[Records excerpted from a collection]
= = = = =

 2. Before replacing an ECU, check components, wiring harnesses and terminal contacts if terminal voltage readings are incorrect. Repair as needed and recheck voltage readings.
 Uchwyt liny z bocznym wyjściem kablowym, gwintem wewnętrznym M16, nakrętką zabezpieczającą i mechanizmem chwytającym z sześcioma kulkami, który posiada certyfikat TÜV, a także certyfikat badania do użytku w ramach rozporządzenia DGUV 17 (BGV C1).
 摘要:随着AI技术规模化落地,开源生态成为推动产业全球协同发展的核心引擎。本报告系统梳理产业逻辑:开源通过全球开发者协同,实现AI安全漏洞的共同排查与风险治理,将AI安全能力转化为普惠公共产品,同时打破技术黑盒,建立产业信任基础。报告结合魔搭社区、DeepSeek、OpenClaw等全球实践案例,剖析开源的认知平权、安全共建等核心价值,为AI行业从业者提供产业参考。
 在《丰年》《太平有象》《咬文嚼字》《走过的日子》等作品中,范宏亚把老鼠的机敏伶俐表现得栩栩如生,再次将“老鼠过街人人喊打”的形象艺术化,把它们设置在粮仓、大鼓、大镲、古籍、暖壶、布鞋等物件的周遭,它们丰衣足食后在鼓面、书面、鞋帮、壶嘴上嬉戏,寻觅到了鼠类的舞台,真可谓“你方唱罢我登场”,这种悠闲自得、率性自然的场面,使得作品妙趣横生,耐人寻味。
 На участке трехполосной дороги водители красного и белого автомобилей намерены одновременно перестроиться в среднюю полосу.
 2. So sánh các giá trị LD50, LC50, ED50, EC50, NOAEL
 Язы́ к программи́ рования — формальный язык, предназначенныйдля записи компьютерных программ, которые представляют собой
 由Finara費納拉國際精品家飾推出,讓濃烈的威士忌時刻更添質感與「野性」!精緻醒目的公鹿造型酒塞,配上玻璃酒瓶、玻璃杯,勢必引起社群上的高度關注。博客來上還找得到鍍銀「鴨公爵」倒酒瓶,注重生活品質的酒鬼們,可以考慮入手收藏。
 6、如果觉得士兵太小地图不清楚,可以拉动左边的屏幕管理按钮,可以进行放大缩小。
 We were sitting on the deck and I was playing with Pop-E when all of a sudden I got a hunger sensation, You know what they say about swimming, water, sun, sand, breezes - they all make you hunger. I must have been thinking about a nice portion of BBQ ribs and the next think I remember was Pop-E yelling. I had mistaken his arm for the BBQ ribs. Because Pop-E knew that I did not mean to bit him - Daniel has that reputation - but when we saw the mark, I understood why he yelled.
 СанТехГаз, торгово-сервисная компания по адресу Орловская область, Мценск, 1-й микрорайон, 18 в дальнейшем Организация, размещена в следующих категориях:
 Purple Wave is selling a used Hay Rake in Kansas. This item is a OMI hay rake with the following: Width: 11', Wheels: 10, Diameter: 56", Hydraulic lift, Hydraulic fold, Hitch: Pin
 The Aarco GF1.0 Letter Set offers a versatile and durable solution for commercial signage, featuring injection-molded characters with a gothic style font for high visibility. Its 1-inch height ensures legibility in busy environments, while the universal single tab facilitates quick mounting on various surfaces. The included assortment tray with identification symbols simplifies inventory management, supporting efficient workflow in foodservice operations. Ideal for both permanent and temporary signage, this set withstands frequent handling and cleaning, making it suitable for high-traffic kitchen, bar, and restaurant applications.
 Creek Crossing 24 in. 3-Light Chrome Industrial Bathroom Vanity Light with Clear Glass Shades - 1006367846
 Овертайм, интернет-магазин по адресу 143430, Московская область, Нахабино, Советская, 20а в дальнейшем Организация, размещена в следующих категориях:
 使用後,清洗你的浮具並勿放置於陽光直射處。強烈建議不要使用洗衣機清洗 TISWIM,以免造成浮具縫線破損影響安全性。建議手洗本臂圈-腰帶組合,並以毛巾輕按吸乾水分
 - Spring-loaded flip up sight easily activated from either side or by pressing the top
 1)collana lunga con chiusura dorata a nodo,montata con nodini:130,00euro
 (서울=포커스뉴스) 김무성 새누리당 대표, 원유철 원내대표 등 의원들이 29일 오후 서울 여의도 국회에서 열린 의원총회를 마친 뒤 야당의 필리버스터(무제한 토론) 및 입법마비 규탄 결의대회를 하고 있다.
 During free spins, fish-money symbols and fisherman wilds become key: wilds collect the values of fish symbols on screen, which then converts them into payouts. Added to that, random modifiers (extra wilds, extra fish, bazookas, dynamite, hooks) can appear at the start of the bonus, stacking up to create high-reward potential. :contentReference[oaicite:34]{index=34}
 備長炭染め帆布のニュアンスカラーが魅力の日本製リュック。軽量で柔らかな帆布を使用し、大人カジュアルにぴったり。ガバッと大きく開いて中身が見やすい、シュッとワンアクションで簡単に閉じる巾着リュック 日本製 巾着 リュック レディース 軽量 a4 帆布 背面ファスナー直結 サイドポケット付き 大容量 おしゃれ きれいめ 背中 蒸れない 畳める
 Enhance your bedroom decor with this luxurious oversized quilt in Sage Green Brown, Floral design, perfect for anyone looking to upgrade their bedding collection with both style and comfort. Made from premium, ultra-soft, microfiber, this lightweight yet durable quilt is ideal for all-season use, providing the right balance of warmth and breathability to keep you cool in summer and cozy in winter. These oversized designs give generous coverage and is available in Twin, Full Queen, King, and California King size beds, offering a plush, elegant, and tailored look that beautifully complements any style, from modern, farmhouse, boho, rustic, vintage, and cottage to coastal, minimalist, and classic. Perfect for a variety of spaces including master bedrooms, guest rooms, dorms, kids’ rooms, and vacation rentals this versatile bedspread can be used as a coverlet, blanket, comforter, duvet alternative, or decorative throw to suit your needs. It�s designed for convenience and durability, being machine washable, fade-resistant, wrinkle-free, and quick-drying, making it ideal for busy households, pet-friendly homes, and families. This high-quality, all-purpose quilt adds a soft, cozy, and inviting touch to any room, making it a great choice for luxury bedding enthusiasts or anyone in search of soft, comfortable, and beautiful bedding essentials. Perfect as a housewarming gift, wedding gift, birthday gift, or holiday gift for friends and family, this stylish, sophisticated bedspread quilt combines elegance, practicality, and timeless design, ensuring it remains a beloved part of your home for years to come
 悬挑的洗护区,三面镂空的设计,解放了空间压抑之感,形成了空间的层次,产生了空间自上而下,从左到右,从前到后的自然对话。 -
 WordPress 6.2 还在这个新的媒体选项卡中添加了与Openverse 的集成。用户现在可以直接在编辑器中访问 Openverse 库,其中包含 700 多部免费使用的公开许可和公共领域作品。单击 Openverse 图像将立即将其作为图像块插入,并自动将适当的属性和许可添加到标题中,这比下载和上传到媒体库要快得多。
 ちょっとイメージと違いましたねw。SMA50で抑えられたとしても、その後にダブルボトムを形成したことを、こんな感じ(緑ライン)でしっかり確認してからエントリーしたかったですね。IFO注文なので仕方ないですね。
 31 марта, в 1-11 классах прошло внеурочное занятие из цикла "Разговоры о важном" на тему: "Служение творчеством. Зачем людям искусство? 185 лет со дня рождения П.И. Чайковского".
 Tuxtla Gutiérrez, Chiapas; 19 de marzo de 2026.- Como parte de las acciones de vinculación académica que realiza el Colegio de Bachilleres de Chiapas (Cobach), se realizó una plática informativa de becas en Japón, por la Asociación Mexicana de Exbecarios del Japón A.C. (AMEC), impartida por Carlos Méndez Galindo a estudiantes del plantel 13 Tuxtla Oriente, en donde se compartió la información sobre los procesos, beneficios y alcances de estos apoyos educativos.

= = = = =

● Task goal:
Your answer should be the lines of the records that hold the string "symbols".

● Solution for this task:
 The Aarco GF1.0 Letter Set offers a versatile and durable solution for commercial signage, featuring injection-molded characters with a gothic style font for high visibility. Its 1-inch height ensures legibility in busy environments, while the universal single tab facilitates quick mounting on various surfaces. The included assortment tray with identification symbols simplifies inventory management, supporting efficient workflow in foodservice operations. Ideal for both permanent and temporary signage, this set withstands frequent handling and cleaning, making it suitable for high-traffic kitchen, bar, and restaurant applications.
 During free spins, fish-money symbols and fisherman wilds become key: wilds collect the values of fish symbols on screen, which then converts them into payouts. Added to that, random modifiers (extra wilds, extra fish, bazookas, dynamite, hooks) can appear at the start of the bonus, stacking up to create high-reward potential. :contentReference[oaicite:34]{index=34}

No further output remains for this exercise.